Hello world, I’m Carrie Anne, and welcome
to CrashCourse Computer Science! Over the course of this series, we’re going
to go from bits, bytes, transistors and logic gates, all the way to Operating Systems, Virtual
Reality and Robots! We’re going to cover a lot, but just to
clear things up – we ARE NOT going to teach you how to program. Instead, we’re going to explore a range
of computing topics as a discipline and a technology. Computers are the lifeblood of today’s world. If they were to suddenly turn off, all at
once, the power grid would shut down, cars would crash, planes would fall, water treatment
plants would stop, stock markets would freeze, trucks with food wouldn’t know where to
deliver, and employees wouldn’t get paid. Even many non-computer objects – like DFTBA
shirts and the chair I’m sitting on – are made in factories run by computers. Computing really has transformed nearly every
aspect of our lives. And this isn’t the first time we’ve seen
this sort of technology-driven global change. Advances in manufacturing during the Industrial
Revolution brought a new scale to human civilization – in agriculture, industry and domestic life. Mechanization meant superior harvests and
more food, mass produced goods, cheaper and faster travel and communication, and usually
a better quality of life. And computing technology is doing the same
right now – from automated farming and medical equipment, to global telecommunications and
educational opportunities, and new frontiers like Virtual Reality and Self Driving Cars.

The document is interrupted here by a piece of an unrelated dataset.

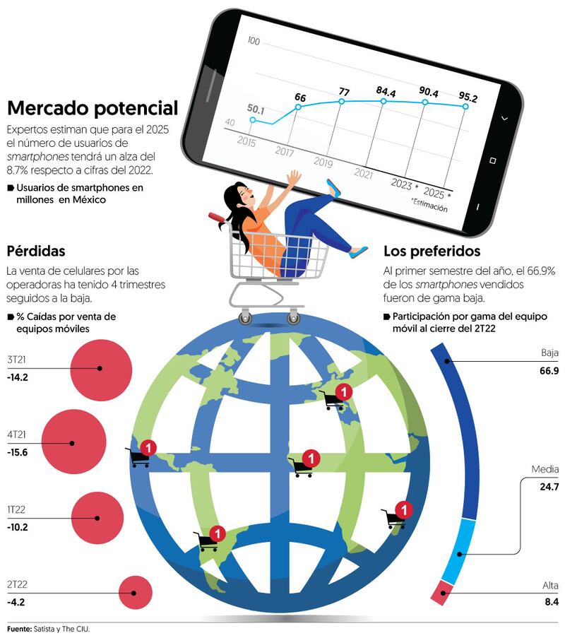 “En el país, cada año se venden aproximadamente 30 millones de smartphones, pero antes de la pandemia, 65 por ciento de estos equipos se adquirían directamente con los operadores; sin embargo, en los últimos dos años, los operadores móviles han perdido hasta un 15 por ciento en la participación de mercado”, señaló Rolando Alamilla, gerente de investigación de mercados de la consultora The Competitive Intelligence Unit (The CIU).

We are living in a time likely to be remembered
as the Electronic Age. With billions of transistors in just your
smartphones, computers can seem pretty complicated, but really, they’re just simple machines
that perform complex actions through many layers of abstraction. So in this series, we’re going break down
those layers, and build up from simple 1’s and 0’s, to logic units, CPUs, operating
systems, the entire internet and beyond. And don’t worry, in the same way someone
buying t-shirts on a webpage doesn’t need to know how that webpage was programmed, or
the web designer doesn’t need to know how all the packets are routed, or router engineers
don’t need to know about transistor logic, this series will build on previous episodes
but not be dependent on them. By the end of this series, I hope that you
can better contextualize computing’s role both in your own life and society, and how
humanity’s (arguably) greatest invention is just in its infancy, with its biggest impacts
yet to come. But before we get into all that, we should
start at computing’s origins, because although electronic computers are relatively new, the
need for computation is not. INTRO The earliest recognized device for computing was the abacus, invented in Mesopotamia around
2500 BCE. It’s essentially a hand operated calculator,
that helps add and subtract many numbers. It also stores the current state of the computation,
much like your hard drive does today. The abacus was created because, the scale
of society had become greater than what a single person could keep and manipulate in
their mind. There might be thousands of people in a village
or tens of thousands of cattle. There are many variants of the abacus, but
let’s look at a really basic version with each row representing a different power of
ten. So each bead on the bottom row represents
a single unit, in the next row they represent 10, the row above 100, and so on. Let’s say we have 3 heads of cattle represented
by 3 beads on the bottom row on the right side. If we were to buy 4 more cattle we would just
slide 4 more beads to the right for a total of 7. But if we were to add 5 more after the first
3 we would run out of beads, so we would slide everything back to the left, slide one bead
on the second row to the right, representing ten, and then add the final 2 beads on the
bottom row for a total of 12. This is particularly useful with large numbers. So if we were to add 1,251 we would just add
1 to the bottom row, 5 to the second row, 2 to the third row, and 1 to the fourth row
– we don’t have to add in our head and the abacus stores the total for us. Over the next 4000 years, humans developed
all sorts of clever computing devices, like the astrolabe, which enabled ships to calculate
their latitude at sea. Or the slide rule, for assisting with multiplication
and division. And there are literally hundred of types of
clocks created that could be used to calculate sunrise, tides, positions of celestial bodies,
and even just the time. Each one of these devices made something that
was previously laborious to calculate much faster, easier, and often more accurate –– it
lowered the barrier to entry, and at the same time, amplified our mental abilities –– take
note, this is a theme we’re going to touch on a lot in this series. As early computer pioneer Charles Babbage
said: “At each increase of knowledge, as well as on the contrivance of every new tool,
human labour becomes abridged.” However, none of these devices were called
“computers”. The earliest documented use of the word “computer”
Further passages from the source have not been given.